Since you have access to the same wordlist, you can follow the hint and APE MUSK THRICE CONSECUTIVELY—i.e., supply three answers yourself in a row that match what the NPC assigned to be Musk would do. (You might want to do this early in the game, when Musk’s vocabulary is smallish and easy to keep track of, or you might do it very late, say a few hundred plays in, when the wordlist is big enough that the early stretch of Musk’s vocabulary will be pretty stable and you can almost certainly just mimic what he said four rounds ago.) When you do, the next problem statement will depend on what else you’ve accomplished in this session of the game.

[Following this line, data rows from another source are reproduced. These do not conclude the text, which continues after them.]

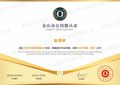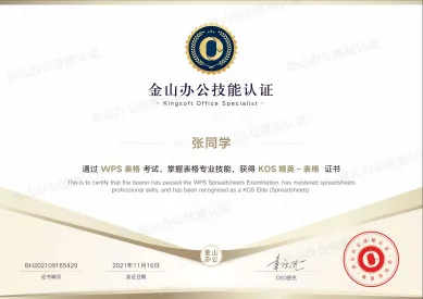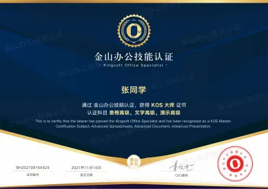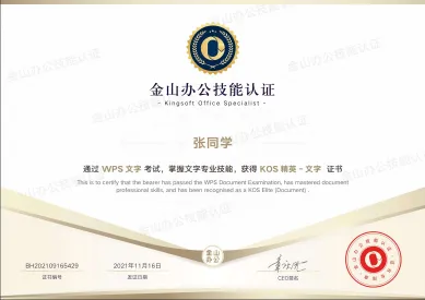 简介:金山办公技能认证(Kingsoft Office Specialist,简称:KOS),是由官方推出的“学、练、考、评”一体化办公技能认证平台,旨在为职场、学校等所有使用Office软件的用户,对其掌握WPS Office软件应用技能的熟练程度和专业程度的权威测评,是金山办公认可的Office办公软件应用技能认证。
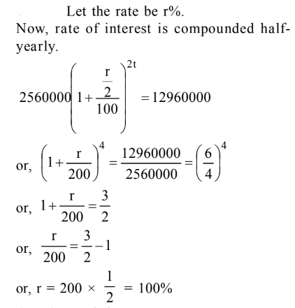 5. An amount of Rs. 2560000 becomes Rs. 12960000 in 2 years, if the interest is compounded half-yearly. What is the rate of compound interest?
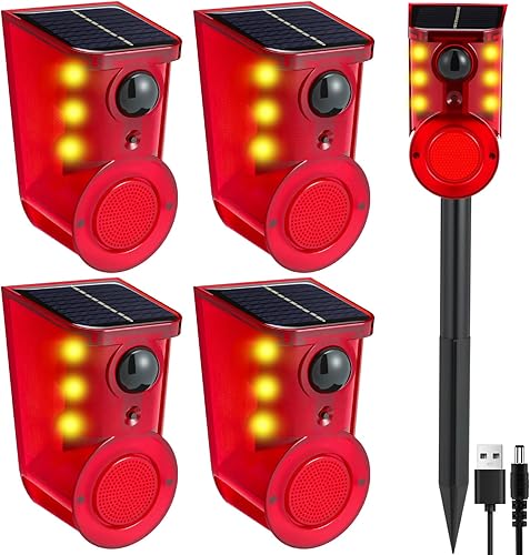 Qualirey 4 Pack Solar Outdoor Motion Sensor Alarm with Stake, 129db Sound Alert and Multi-Mode 6 LEDs Flash Warning Lights for Garden Farm Repelling Cat Dog Rabbit Raccoon Fox

When you have (in the same game, in either order) solved both the NPC challenge and the Musk challenge, it’s time to extract an answer. It’s been hiding in plain sight, split up among answers submitted by NPCs in earlier rounds. At least, that will be true if the game has gone on a while; if you’ve been bashing away at it, then refreshed and sped through a new session, the relevant problem statement and answer sets may not have come up yet. In that case you will be asked to be patient—
It's time for the next round! The problem is BOTH CHALLENGES COMPLETED, ANSWER NEARLY ACCESSIBLE
The following answers were given: 1) KEEP PLAYING 2) ONE [or sometimes TWO] MORE 3) ALMOST THERE 4) HANG AROUND 5) NEARLY DONE 6) [player answer]
—while the program hastily serves up one or two problem statements whose answer set(s) you need.Once you have access to all the needed answers, you get the problem statement BOTH CHALLENGES COMPLETED BUT ANSWER UNEXTRACTED. You won’t know what to submit as your answer, so make something up. When you do, you’ll see that the NPC answers are pointing you to the relevant words in the session so far:
The following answers were given: 1) [player answer] 2) EARLIEST APPEARANCES 3) PREVIOUS WORDS 4) WITH MOPECORE 5) WITH MAKE 6) GOOD JOB
That is, look back at your session log for the earliest appearances of MOPECORE and MAKE among the answers. Which word occurred WITH MOPECORE, and which occurred WITH MAKE? (The pointer words here will vary from session to session, depending on which problem statements you’ve seen.) In this example, the relevant NPC answers are INDUSTRIAL MOPECORE and MAKE WASTE, so your answer is INDUSTRIAL WASTE. In other games, you might see, e.g.,
It's time for the next round! The problem is BOTH CHALLENGES COMPLETED BUT ANSWER UNEXTRACTED
The following answers were given: 1) [player answer] 2) EARLIEST APPEARANCES 3) PREVIOUS WORDS 4) WITH VOLLEY 5) WITH ECCLESIASTICAL 6) WITH BANDWIDTH
leading you to INDUS VOLLEY, ECCLESIASTICAL TRIAL, and WASTE BANDWIDTH, again for an answer of INDUSTRIAL WASTE.
Once you’ve reached the BOTH CHALLENGES COMPLETED BUT ANSWER UNEXTRACTED problem statement, you’ll see that statement over and over again until you do what it suggests. If you give INDUSTRIAL WASTE as your answer to the problem statement, you get
The following answers were given: 1) INDUSTRIAL WASTE 2) THAT'S IT 3) CALL IN 4) THE ANSWER 5) PUZZLE SOLVED 6) WELL DONE
and the game will quit. Call in your answer. Congratulations! You’ve won iPod Submarine!